Based on the foregoing, we are of the opinion that the Shares issued to the Selling Stockholders are validly issued, fully paid and non-assessable and the Warrant Shares to be issued to the Selling Stockholders upon exercise of the warrants, when paid for by the Selling Stockholders and issued by the Company in accordance with the terms of the Securities Purchase Agreement, will be validly issued, fully paid and non-assessable.

 

Mintz, Levin, Cohn, Ferris, Glovsky and Popeo, P.C.

 

BOSTON | WASHINGTON | NEW YORK | STAMFORD | LOS ANGELES | SAN DIEGO | SAN FRANCISCO | LONDON

 



 

In rendering the foregoing opinions, we have assumed (a) the accuracy and truthfulness of all public records of the Company and of all certifications, documents and other proceedings examined by us that have been produced by officials of the Company acting within the scope of their official capacities, without verifying the accuracy or truthfulness of such representations, and (b) the genuineness of all signatures, the authenticity of all documents submitted to us as originals and the conformity to originals of all documents submitted to us as copies thereof.

 

Please note that we are opining only as to the matters expressly set forth herein, and no opinion should be inferred as to any other matters.

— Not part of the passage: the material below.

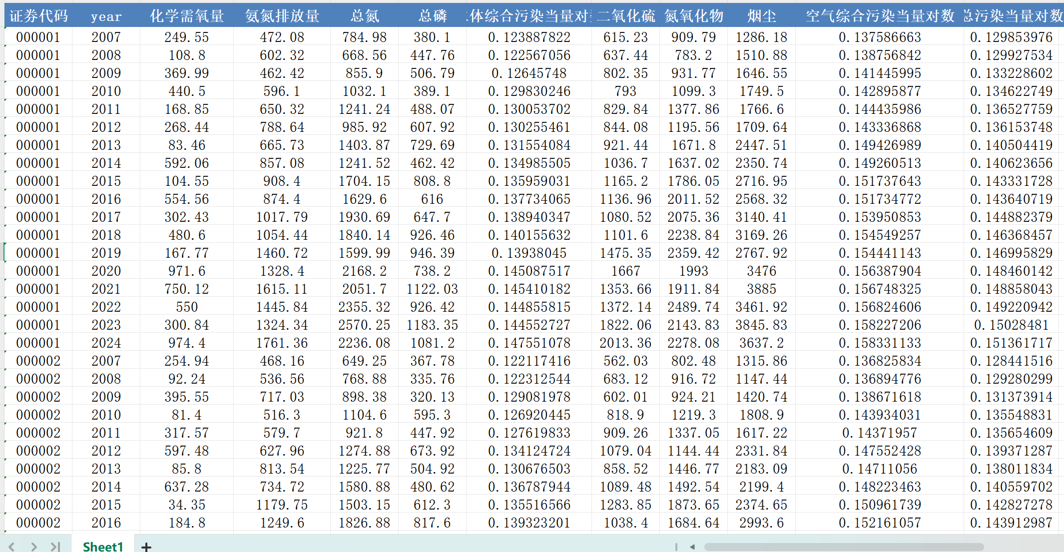 【更新2024年】上市公司污染物排放数据2007-2024年

This opinion is based upon currently existing statutes, rules, regulations and judicial decisions, and we disclaim any obligation to advise you of any change in any of these sources of law or subsequent legal or factual developments which might affect any matters or opinions set forth herein.

 

We understand that you wish to file this opinion with the Commission as an exhibit to the Registration Statement in accordance with the requirements of Item 601(b)(5) of Regulation S-K promulgated under the Securities Act and to reference the firm’s name under the caption “Legal Matters” in the Registration Statement, and we hereby consent thereto. In giving this consent, we do not admit that we are within the category of persons whose consent is required under Section 7 of the Securities Act or the rules and regulations of the Commission promulgated thereunder.

 

 

Very truly yours,

 

 

 

/s/ Mintz, Levin, Cohn, Ferris, Glovsky & Popeo, P.C.

 

 

 

MINTZ, LEVIN, COHN, FERRIS, GLOVSKY & POPEO, P.C.